Le Thanh Dat, Lee Yong-Jae, Park Eunwoo, Kim Myung-Sun, Eom Tae Joong, Lee Changho
Department of Artificial Intelligence Convergence, Chonnam National University, Gwangju, 61186, Republic of Korea.
Engineering Research Center for Color-modulated Extra-sensory Perception Technology, Pusan National University, Busan, 46241, Republic of Korea.
Sci Rep. 2024 Dec 28;14(1):31366. doi: 10.1038/s41598-024-82839-0.
Polarization-sensitive optical coherence tomography (PS-OCT) measures the polarization state of backscattered light from tissues and provides valuable insights into the birefringence properties of biological tissues. Contrastive unpaired translation (CUT) was used in this study to generate a synthetic PS-OCT image from a single OCT image.
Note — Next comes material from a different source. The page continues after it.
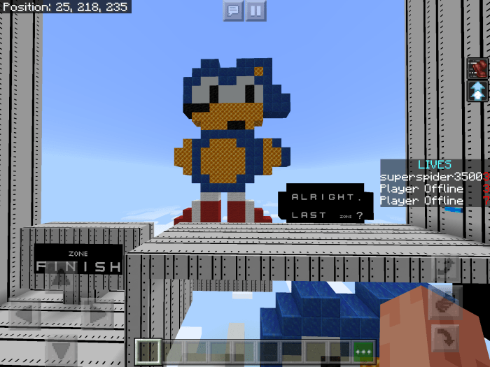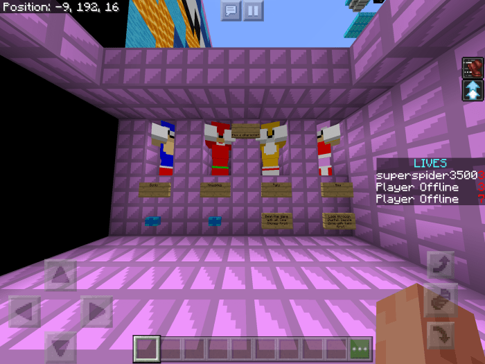 Map “Sonic the Hedgehog 2: Sonic’s Time Adventure” for Minecraft Bedrock, inspired by the classic game, features a total of 21 zones, 50 levels, and 13 special sections, along with 4 playable characters. It also includes key elements from the Sonic franchise such as springs, boss battles, screens, animations, music, and more.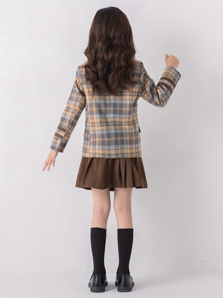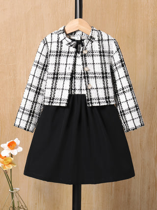 طقم أنيق للفتيات من 3 قطع: سترة مربعات، تنورة مطوية وربطة عنق - مثالي لحفلات أعياد الميلاد، الخطب، الأعراس والمناسبات الرسمية

The challenges related to extensive data requirements relying on labeled datasets using only pixel-wise correlations that make it difficult to efficiently regenerate the periodic patterns observed in PS-OCT images were addressed. The CUT model captures birefringence patterns by leveraging patch-wise correlations from unpaired data, which allows learning of the underlying structural features of biological tissues responsible for birefringence. To demonstrate the performance of the proposed approach, three generative models (Pix2pix, CycleGAN, and CUT) were compared on an in vivo dataset of injured mouse tendons over a six-week healing period. CUT outperformed Pix2pix and CycleGAN by producing high-fidelity synthetic PS-OCT images that closely matched the original PS-OCT images. Pearson correlation and two-way ANOVA tests confirmed the superior performance of CUT (p-value < 0.0001) over the comparison models. Additionally, a ResNet-152 classification model was used to assess tissue damage, which achieved an accuracy of up to 90.13% compared to the original PS-OCT images. This research demonstrates that CUT is superior to conventional methods for generating high-quality synthetic PS-OCT images and offers better improvements in most scenarios, in terms of efficiency and image fidelity.
偏振敏感光学相干断层扫描(PS-OCT)可测量来自组织的背向散射光的偏振状态,并为生物组织的双折射特性提供有价值的见解。本研究使用对比无配对翻译(CUT)从单个OCT图像生成合成PS-OCT图像。解决了与大量数据需求相关的挑战,这些需求仅依赖于使用像素级相关性的标记数据集,这使得难以有效地重现PS-OCT图像中观察到的周期性模式。CUT模型通过利用来自无配对数据的块级相关性来捕获双折射模式,从而能够了解导致双折射的生物组织的潜在结构特征。为了证明所提出方法的性能,在六周愈合期的受伤小鼠肌腱体内数据集上比较了三种生成模型(Pix2pix、CycleGAN和CUT)。CUT生成的高保真合成PS-OCT图像与原始PS-OCT图像非常匹配,优于Pix2pix和CycleGAN。Pearson相关性和双向方差分析测试证实了CUT(p值<0.0001)相对于比较模型的优越性能。此外,使用ResNet-152分类模型评估组织损伤,与原始PS-OCT图像相比,其准确率高达90.13%。这项研究表明,CUT在生成高质量合成PS-OCT图像方面优于传统方法,并且在大多数情况下,在效率和图像保真度方面都有更好的改进。